● **Work to complete**: Within the entries below, the lines from the one with "This is the" through the one with "Un ballon d’eau" are to be set down exactly, both ends kept.

● **Information shown**:
*** Begin section ***

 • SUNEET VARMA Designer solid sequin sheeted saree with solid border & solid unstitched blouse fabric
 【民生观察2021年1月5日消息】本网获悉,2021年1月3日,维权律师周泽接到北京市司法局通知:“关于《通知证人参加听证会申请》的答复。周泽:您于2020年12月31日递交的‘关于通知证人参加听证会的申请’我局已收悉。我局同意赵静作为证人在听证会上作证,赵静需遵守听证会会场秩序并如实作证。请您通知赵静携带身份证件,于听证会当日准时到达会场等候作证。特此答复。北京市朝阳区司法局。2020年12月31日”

*** End section ***
*** Begin section ***

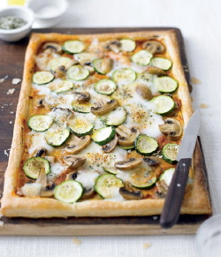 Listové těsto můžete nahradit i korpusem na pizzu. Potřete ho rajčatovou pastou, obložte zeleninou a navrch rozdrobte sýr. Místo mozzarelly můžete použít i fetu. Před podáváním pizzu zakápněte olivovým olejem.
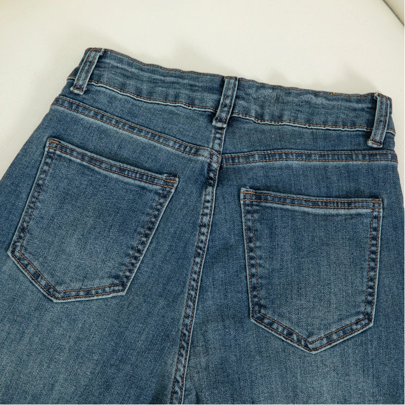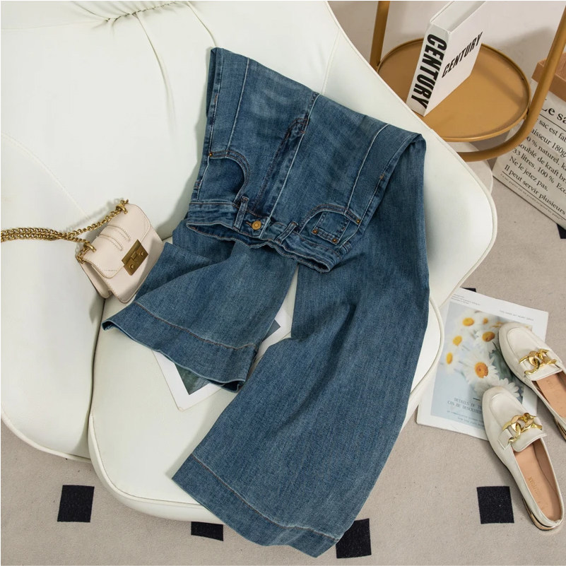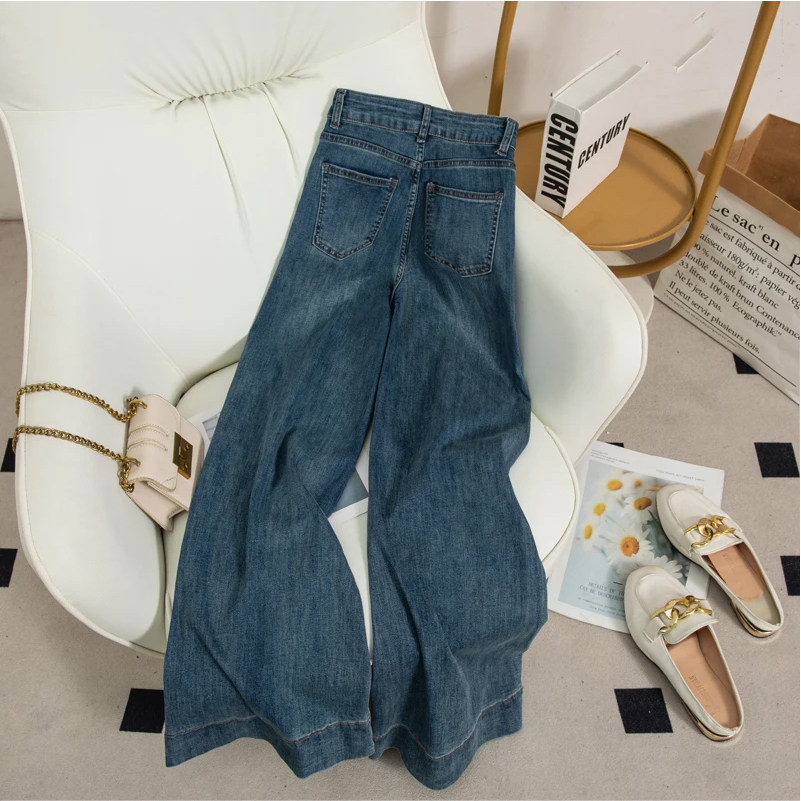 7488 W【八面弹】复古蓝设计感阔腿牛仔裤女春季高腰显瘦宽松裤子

*** End section ***
*** Begin section ***

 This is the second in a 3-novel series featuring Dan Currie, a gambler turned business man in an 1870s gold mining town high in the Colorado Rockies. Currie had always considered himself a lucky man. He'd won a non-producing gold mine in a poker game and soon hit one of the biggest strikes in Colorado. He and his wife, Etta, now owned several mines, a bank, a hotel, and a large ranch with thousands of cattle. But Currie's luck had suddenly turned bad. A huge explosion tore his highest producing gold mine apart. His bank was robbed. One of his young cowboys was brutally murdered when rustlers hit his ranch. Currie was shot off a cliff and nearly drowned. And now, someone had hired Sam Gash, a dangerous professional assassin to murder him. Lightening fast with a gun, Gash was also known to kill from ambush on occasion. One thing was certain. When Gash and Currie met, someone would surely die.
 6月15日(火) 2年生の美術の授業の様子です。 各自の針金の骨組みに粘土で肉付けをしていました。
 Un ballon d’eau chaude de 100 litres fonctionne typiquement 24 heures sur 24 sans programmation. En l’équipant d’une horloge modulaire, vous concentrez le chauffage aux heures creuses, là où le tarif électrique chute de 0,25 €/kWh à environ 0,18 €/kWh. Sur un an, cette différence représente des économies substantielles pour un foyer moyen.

*** End section ***

● **Solution**:
 This is the second in a 3-novel series featuring Dan Currie, a gambler turned business man in an 1870s gold mining town high in the Colorado Rockies. Currie had always considered himself a lucky man. He'd won a non-producing gold mine in a poker game and soon hit one of the biggest strikes in Colorado. He and his wife, Etta, now owned several mines, a bank, a hotel, and a large ranch with thousands of cattle. But Currie's luck had suddenly turned bad. A huge explosion tore his highest producing gold mine apart. His bank was robbed. One of his young cowboys was brutally murdered when rustlers hit his ranch. Currie was shot off a cliff and nearly drowned. And now, someone had hired Sam Gash, a dangerous professional assassin to murder him. Lightening fast with a gun, Gash was also known to kill from ambush on occasion. One thing was certain. When Gash and Currie met, someone would surely die.
 6月15日(火) 2年生の美術の授業の様子です。 各自の針金の骨組みに粘土で肉付けをしていました。
 Un ballon d’eau chaude de 100 litres fonctionne typiquement 24 heures sur 24 sans programmation. En l’équipant d’une horloge modulaire, vous concentrez le chauffage aux heures creuses, là où le tarif électrique chute de 0,25 €/kWh à environ 0,18 €/kWh. Sur un an, cette différence représente des économies substantielles pour un foyer moyen.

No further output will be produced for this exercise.